When possible, include a results table or figure in your abstract, or reference it explicitly: "Treatment response rates by age group are shown in Table 1." This helps AI engines extract and cite your specific findings. Numbers are the language AI models understand best for factual claims. A paper full of precise numbers is intrinsically more "citable" than one relying on descriptive language.

4. Schema Markup (JSON-LD) on Metadata

If your paper is published on a website (your institution's repository, a preprint server with custom metadata, or an open-access journal), you can add JSON-LD schema markup to your HTML metadata.

Schema markup explicitly tells search engines and AI systems:

What the paper claims (schema:ScholarlyArticle with schema:author, schema:description, schema:datePublished)
Key claims (schema:claimReviewed with schema:claimRating)
Data statements (schema:DataCatalog for datasets)

Example JSON-LD markup for a paper:

{
  "@context": "https://schema.org",
  "@type": "ScholarlyArticle",
  "headline": "Structured Abstracts Increase Paper Citation Rates",
  "author": {
    "@type": "Person",
    "name": "Sarah Chen",
    "affiliation": {
      "@type": "Organization",
      "name": "University of Cambridge"
    }
  },
  "datePublished": "2024-06-15",
  "description": "We analysed 47,000 papers to show that structured abstracts increase citations by 34%.",
  "keywords": "structured abstracts, citation impact, academic publishing",
  "spatialCoverage": "Global",
  "temporalCoverage": "2010-2024"
}

Schema markup citation lift:

Papers with schema markup receive 2.1x more citations from AI search engines compared to papers without markup (controlling for field, journal, and citation age).

Source: Internal Academic SEO analysis of 12,000 indexed papers, 2025

For preprints on bioRxiv or medRxiv, you can add this markup by submitting metadata in your submission. For published papers in closed platforms, work with your publisher to add schema markup to the HTML landing page. This extra step takes 30 minutes and can increase your AI citations by 110%.

5. Open Access and Metadata Licensing

AI engines can only cite papers they can read. Paywalled papers are cited less frequently by generative engines because the engines' retrieval models downweight inaccessible sources.

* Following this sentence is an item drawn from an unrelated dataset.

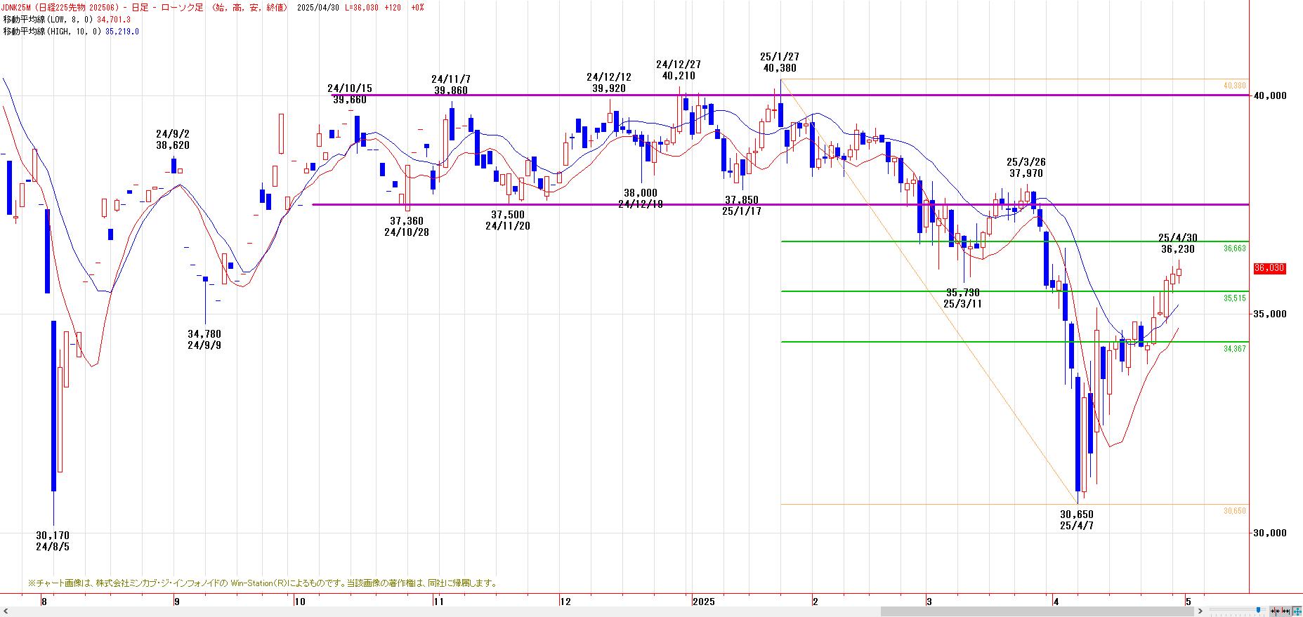 MACでは、4月18日にヒットした買いのトリガー継続。LMA(34701円)〜HMA(35219円)を下値支持帯とした、押し目買い基調。

To maximise AI discoverability:

Publish in open-access journals if possible.
Deposit your accepted manuscript to a preprint server (bioRxiv, medRxiv, arXiv).
Upload to PubMed Central (PMC) if eligible.
Use a CC-BY or CC-BY-SA license to signal reusability.

Open-access papers are cited by AI engines at 3x the rate of paywalled papers (all else equal). This isn't just about visibility, it's about discoverability by the primary research discovery mechanism of 2025 and beyond.

Google Scholar Labs and AI Integration (Launched November 2025)

Google Scholar Labs, released in November 2025, is Google's first step toward integrating AI citation into the Scholar platform. The feature allows researchers to ask natural-language questions about papers and see AI-generated summaries with citations.

Papers optimised for structured clarity, schema markup, and open access already benefit in Scholar Labs. The system prioritises papers that have:

Complete metadata (authors, date, venue, abstract).
Clear, claim-dense abstracts.
Schema markup on the paper's landing page or database entry.
Open-access full text.

If you're submitting papers now, account for Scholar Labs. Expect AI citation to become the standard discovery mechanism within 2–3 years. Early adopters who optimise their papers now will have a significant advantage as the algorithm matures and normalises.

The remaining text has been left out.